The materials required are:
Two small bowls
A container for assorted coins
A di - if you want you can add a container for the di
This is a photo of my coin bank game on its tray:
Give a bowl to each child. Explain the rules - one child rolls the di and then takes from the coin bank that amount. Before passing the di he must make any changes he wishes to make. So the other child asks, "Are you done?" The child with the di answers "Yes," or "No." If he says "No" that means he is going to make an exchange. He counts his coins and exchanges them for others. Ex. He counts five pennies as 5 and exchanges the pennies for a nickel. See below
1. He rolls the di, gets a five and takes five pennies from the coin bank
2. He exchanged the five pennies for a nickel.
3. The next child rolls a six, so she takes six pennies from the coin bank
4. She now exchanges five of the pennies for a nickel. She now has a nickel and a penny in her bowl.
5. The first player, after another roll of the di, now has enough to exchange two nickels for a dime.
All exchanges are done in a very specific way. Ex. The child takes his two nickels out of his bowl and places them on the rug in front of him. He takes a dime from the bowl and asks the other student, "Is this a fair exchange." The other student answers "Yes" or "No." Upon hearing "Yes" he takes the two nickels and puts them in the coin bank. He places the dime in his bowl.
To assist the children in recognizing a coin and assigning its correct value, a control card is available for them to refer to. Patti made this two-sided control card.
The game continues until the first person exchanges their coins for a quarter. This is the initial winning amount but it does not need to be exact as a child may have 28 cents in their bowl - a quarter and three pennies for example. See photo below.

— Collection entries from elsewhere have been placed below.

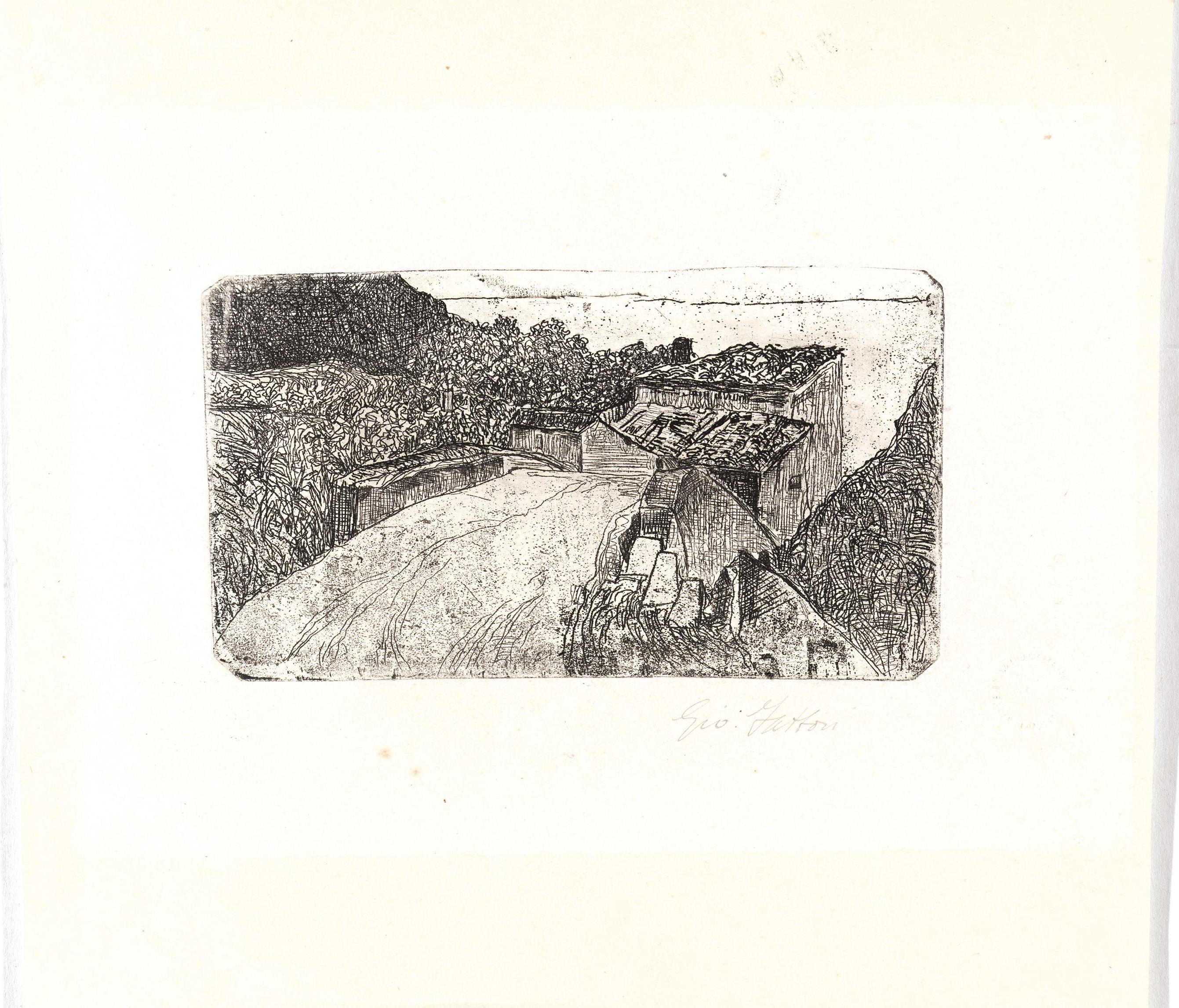 Acquaforte su zinco. mm 98x175. Foglio: mm 262x273. Bonagura, 52. Baboni, XXXVII. Timpanaro, 37, 38.
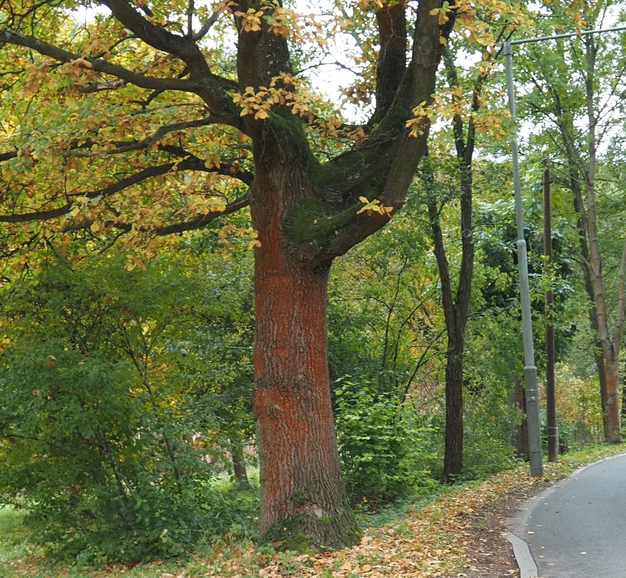 Kmen dubu porostlý červenou řasou a nahoře i mechem.
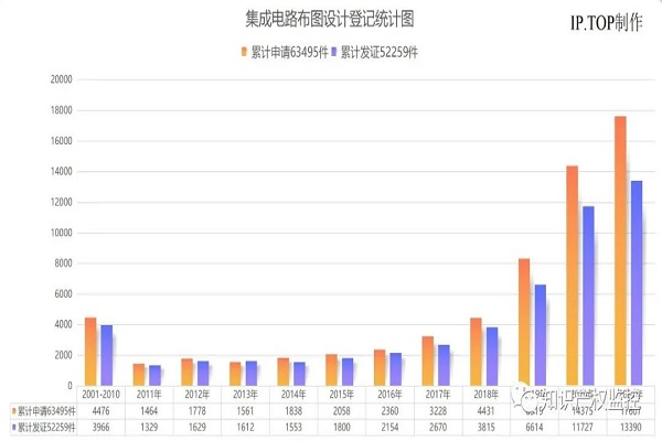 买专利卖专利找龙图腾,真高效! 查专利查商标用IPTOP,全免费!专利年费监控用IP管家,真方便! 一、基本概况 我国《集成电路布图设计保护条例》于2001年10月1日起施行,在实施当天上海复旦微电子股份有限公司提交了名称为:FM1008 8KCPU卡电路的集成电路布图设计,该申请于2001年12月07日公告,登记号为:BS.01500001X,公告号为1;截止至2021年12月31日,我国集成电路布图设计累计发证52259件,从2019年开始出现爆发式增长,近3年的累计发证量占总量的60.7%;累计发证量排名前五的地区依次为:1、广东省12171件,2、江苏省8789件,3、上海市8342件,4、北京市2734件,5、浙江省2685件;累计发证量排名前五的权利人依次为:1、美国亚德诺半导体公司943件,2、上海艾为电子技术股份有限公司445件,3、深圳市明微电子股份有限公司282件、4、上海复旦微电子集团股份有限公司248件,5、上海贝岭股份有限公司246件。以上数据来源龙图腾IPTOP知识产权平台的集成电路栏目。 二、年度统计 截止至2021年12月31日,通过龙图腾IPTOP知识产权平台的集成电路栏目进行数据分析得到:我国集成电路布图设计累计发证52259件,从2019年开始出现爆发式增长,近3年的累计发证量占总量的60.7%;具体年度的申请和发证数据如下图所示。
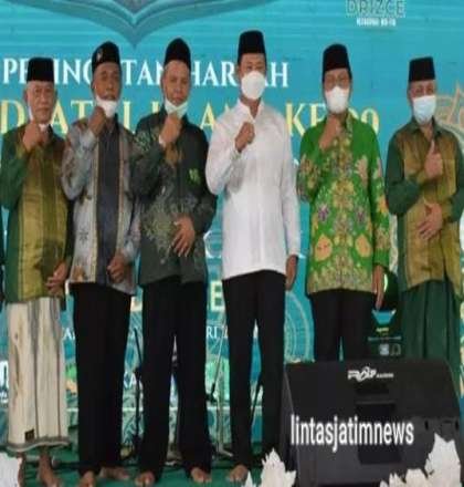 LAMONGAN Pagomex – Bupati Lamongan Yuhronur Efendi menghadiri Peringatan Hari Lahir (Harlah) Nahdlatul Ulama Ke-99 Hijriyah sekaligus Harlah Pabrik Air Mineral Dalam Kemasan (AMDK) NU Drizce Ke-1 di Kompleks Pabrik NU Drizce Dusun Betiring Desa Sumberagung Kecamatan Brondong, Ahad (27/2/2022).
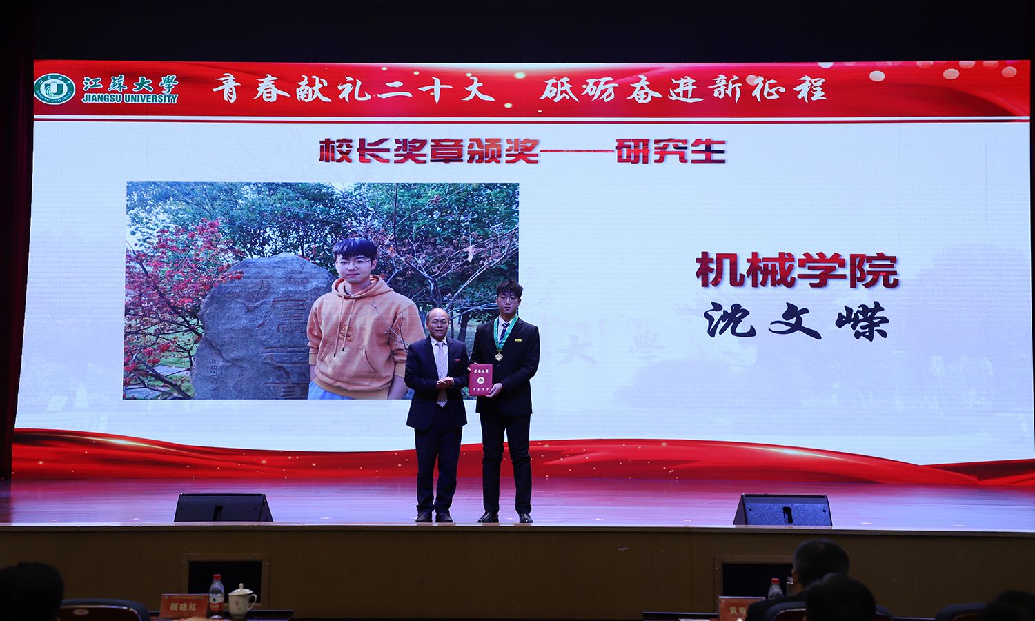 出席大会的领导为受表彰的先进集体和个人颁奖。校党委书记袁寿其为获得第八届中国国际“互联网+”大学生创新创业大赛国赛金奖、银奖团队代表和2022年全国大中专学生志愿者暑期“三下乡”社会实践活动优秀单位颁奖;颜晓红为2021-2022学年“博学”“求是”“明德”校长奖章获得者颁奖;校党委副书记李洪波为2022年度省级三好学生颁奖;校党委常委、纪委书记、派驻监察专员高庆国为2022年度省级优秀学生干部、省级先进班集体颁奖;副校长全力为2021-2022学年校三好标兵、校优秀研究生标兵颁奖;副校长赵玉涛为2022年度校大学生优秀共产党员代表颁奖;副校长李红为2022年度校大学生先进党支部颁奖;校党委常委、组织部部长马志强为2022年校社会实践活动先进单位颁奖;校党委常委、统战部部长杨敬江为2022年校社会实践活动十佳团队颁奖;校党委常委、宣传部部长杨道建为2022年校社会实践活动十佳个人颁奖。

The winning amount is increased after awhile to a fifty cent piece and then a dollar bill. It is a really good teaching tool for counting coins, recognizing their value and their names. I am very pleased with it as is Cristina, my afternoon assistant.
We played each other the other day as part of the initial presentation. After a few turns, the game really moves. At one point Cristina was so upset, actually laughing. She thought she had enough to exchange her coins for a quarter making her the winner. But, when she re-counted her coins before making the exchange she was five cents short. Yes, I won. She loved the game. She is going to put one together to play at home with her children.